Since the debate, some GOP Senate candidates have run ads questioning Biden’s mental fitness for office, trying to pressure Democratic incumbents into answering whether he’s fit to serve. But Daines said this week that the president’s policies, rather than his acuity, should be the focus.

“I don’t think we need to talk about President Biden’s mental acuity,” Daines told Politico’s Rachael Bade during the CNN-Politico Grill interview, reflecting the shift in Republican messaging that was largely seen onstage Monday during night one of the RNC.

But while most Senate GOP candidates didn’t directly go after Biden’s age and mental acuity Tuesday, they didn’t all adhere to the unity message the party attempted to project a night earlier. Arizona’s Kari Lake, who is all but certain to win this month’s GOP primary, opened the Senate portion of the programming by blaming the media for divisions in America.

“Actually, I don’t welcome everyone,” she said to the crowded convention hall, pointing her finger up at what she said was the “fake news.”

Lake – who is expected to face Democratic Rep. Ruben Gallego in a state that Biden flipped in 2020 but that will be tough for him to hold this year – set the tone by attacking what she called “Biden’s invasion.” The US southern border has been a central theme in GOP Senate campaign messaging this cycle, even in states that are hundreds of miles from Mexico.

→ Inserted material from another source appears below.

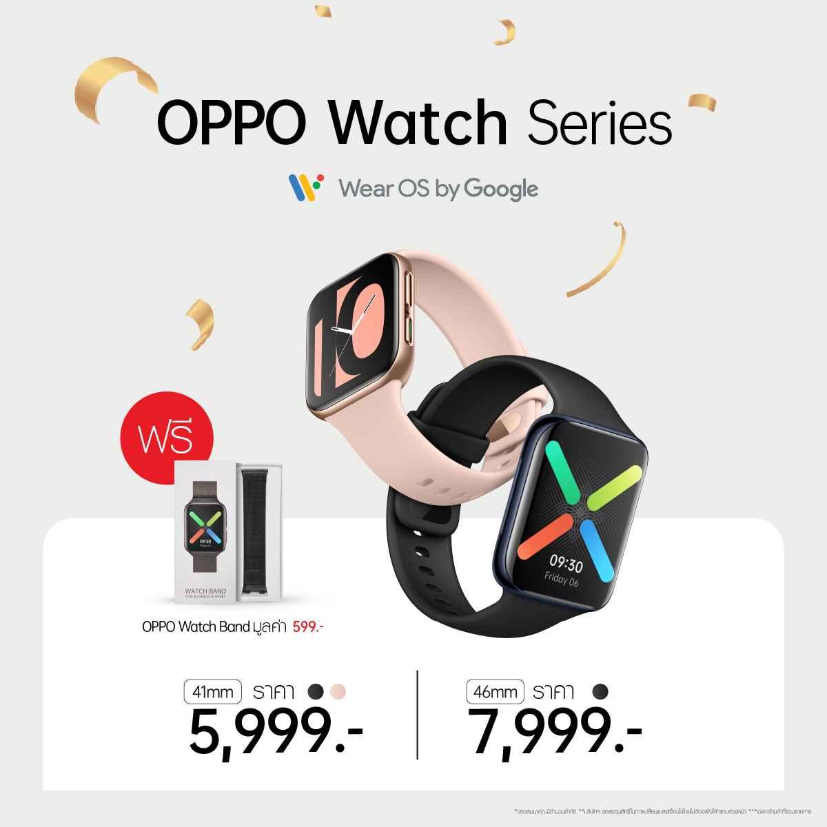 สำหรับ OPPO Watch Series สมาร์ทวอร์ชรุ่นแรกจาก OPPO ที่ทำงานบน Wear OS by Google ™ โดดเด่นด้วยดีไซน์เบาสบายสวมใส่ง่าย พร้อมฟีเจอร์ครบครัน ให้คุณเชื่อมต่อทุกไลฟ์สไตล์ที่เป็นคุณ ไม่ว่าจะเป็น AI Outfit ที่ให้คุณสามารถออกแบบดีไซน์หน้าปัดได้ตามสไตล์การแต่งกายของคุณ หรือ ระบบประมวลผลการออกกำลังกายที่สามารถรองรับการออกกำลังกายได้ถึง 5 โหมด โดย OPPO Watch Series ประกอบด้วย OPPO Watch 46mm ราคา 7,999 บาท และ OPPO Watch 41mm ราคา 5,999 บาท พร้อมรับฟรี! OPPO Watch Band หรือ สายนาฬิกาดีไซน์เก๋ มูลค่า 599 บาท

Banking executive Eric Hovde, who’s challenging Sen. Tammy Baldwin in the convention’s home state of Wisconsin, blamed Democrats for the fentanyl crisis. He then pivoted to lamenting the divisions in the country and calling for Americans to take off their “red and blue jerseys.” But, like Lake, Hovde went after the media – which went over well among the Trump delegates in the audience. “The media, you have to stop dividing us,” he said.

Former House Intelligence Chairman Mike Rogers, who’s running to flip Michigan’s open Senate seat, blamed Biden for inflation and bashed the president’s electric vehicle policies. He also picked up on the law-and-order message and snuck in a rare reference to “nap time” at the White House in another dig at Biden.

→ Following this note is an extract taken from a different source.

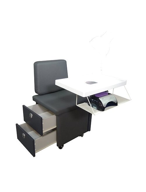 Банкетка для экспресс маникюра с электродвигателем - это компактное рабочее место "всё в одном", предназначенное для быстрого оказания услуг в местах с высокой проходимостью: ТЦ, аэропортах, салонах красоты. Его уникальность в том, что он сочетает в себе столик со встроенным пылевсасывающим устройством, светильник, полку под лампу для сушки ногтей. Для удобства работы данный комплекс имеет возможность изменения высоты сидения при помощи Э/двигателя (с ручным пультом управления). Пуф имеет мягкое сиденье со спинкой, и выдвижные ящиками. Данный комплекс можно использовать как для малогабаритного кабинета, так и в комплексе с педикюрным креслом. Габаритные размеры изделия: высота со спинкой -770-870 мм., высота сидения - 510-610 мм., длина - 500 мм., ширина - 450 мм. Изделие оборудовано поворотным столиком с встроенным в него пылесосом для маникюра. Столик имеет регулировки по высоте и углу поворота. Габаритные размеры столика: высота столика -от 750 до 920 мм. ширина - 350 мм., поворачивается на 90º. С внешней стороны столика установлена полка под ультрафиолетовую лампу. Также на столешницу устанавливается настольная лампа для освещения рабочей зоны. Корпус банкетки оснащен двумя розетками 220 В., обшит кожзаменителем и имеет 2 выдвижных ящика.

Among the other Republicans in top-tier races on stage Tuesday night was businessman Tim Sheehy, who is taking on the most vulnerable Senate incumbent running for reelection – Montana Sen. Jon Tester. “The world is on fire under Joe Biden,” said Sheehy, who talked up his military service. Army veteran Sam Brown, who’s challenging first-term Democratic Sen. Jacky Rosen in Nevada, also leaned into his military service.

Another veteran, Pennsylvania’s Dave McCormick, addressed the weekend assassination attempt against Trump. McCormick was in the front row at Saturday’s rally in Butler, Pennsylvania. He cast Democratic Sen. Bob Casey as a career politician, tying him to Biden and arguing that the election presented a choice between “greatness and decline.”

Ohio businessman Bernie Moreno, whom Democrats boosted in the GOP primary because they thought he’d be the weakest challenger to Sen. Sherrod Brown, invoked the most famous Ohioan at this week’s convention. Vance, the state’s junior senator, also backed Moreno in the primary and pushed Trump to do the same.

Cao, the GOP nominee in Virginia, also referred to a more famous politician to explain his race to the convention crowd. “I’m running against Hillary’s running mate, Tim Kaine,” he said.

And in the race for the seat that’s most likely to flip this year, West Virginia Gov. Jim Justice, a former Democrat, touted his close friendship with the Trump family

But the real start of the show was sitting on a leather chair beside him. Babydog, Justice’s English bulldog, is projecting a GOP victory, the governor said.

This story and headline have been updated with additional information.